A collection of lyric poems that moves between intimate reflections on love, longing, and domestic feeling and wider meditations on faith, doubt, memory, and artistic purpose. Short, varied pieces contrast joy and pain, sometimes adopting persona or dedicatory addresses and sometimes using nature and classical imagery to frame emotional states.
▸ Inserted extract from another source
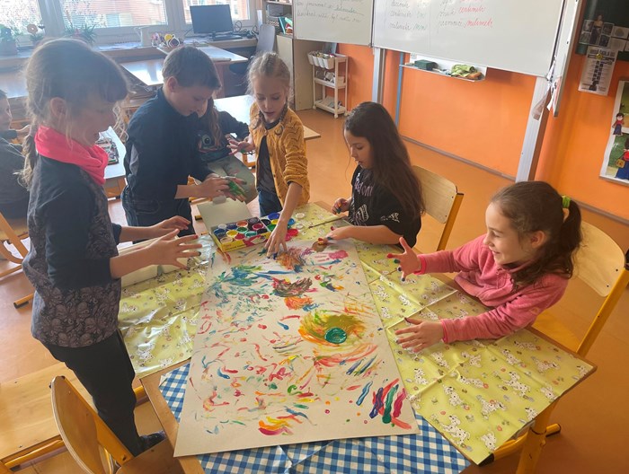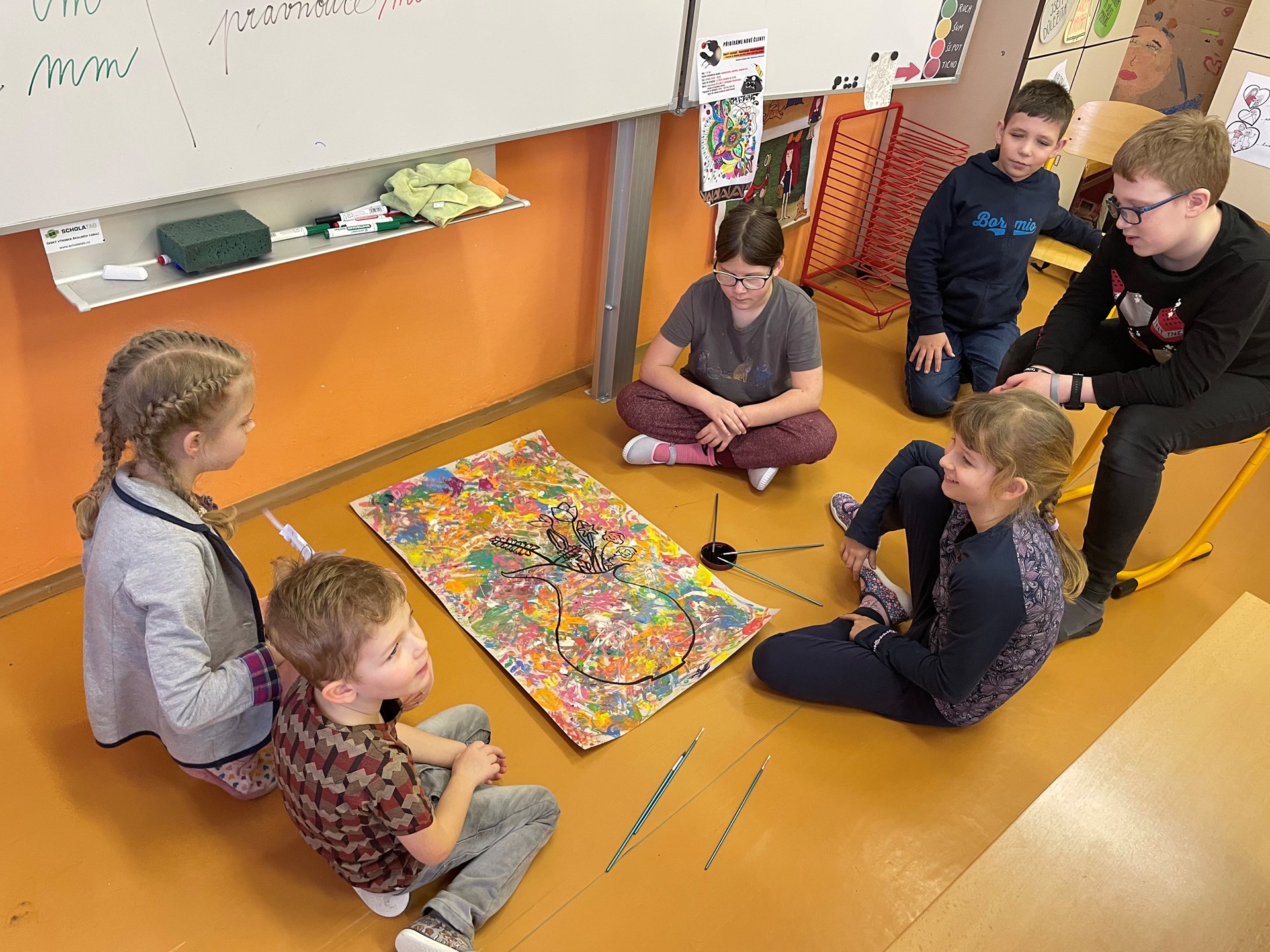 Včera si děti ze 4. oddělení ŠD vyzkoušely abstraktní malbu.

The overall tone balances tender sincerity with contemplative restraint, turning commonplace moments and moral concerns into compact, image-driven meditations on the inner life.

PAIN.

My heart was once a folded flower,
Within whose jewel-tinted cup,—
Still hidden even from itself,—
A wealth of joy is treasured up.
But now my heart is like a flower
From which a dainty humming-bird
Has rifled all the choicest sweets,
And left without one last fond word
The flower-soul so deeply stirred.
And once my heart was like a gem,
Set in a rich betrothal ring;
Unconscious in its darkened case
How fair it lies there glittering.
But now I think my heart is like
The lady who has worn the ring,
And draws it from her finger slight
With love’s bewildered wondering
That love should be a poor bruised thing.
And once my heart was like a nest,
High in the apple branches hung;
Where in the early April dew
No happy birds have ever sung.
Now ’tis itself a wounded bird;
And though sometimes you hear it sing,
The Heavenly Father knows what pain
It tries to hide by uttering
The same sweet notes it used to sing.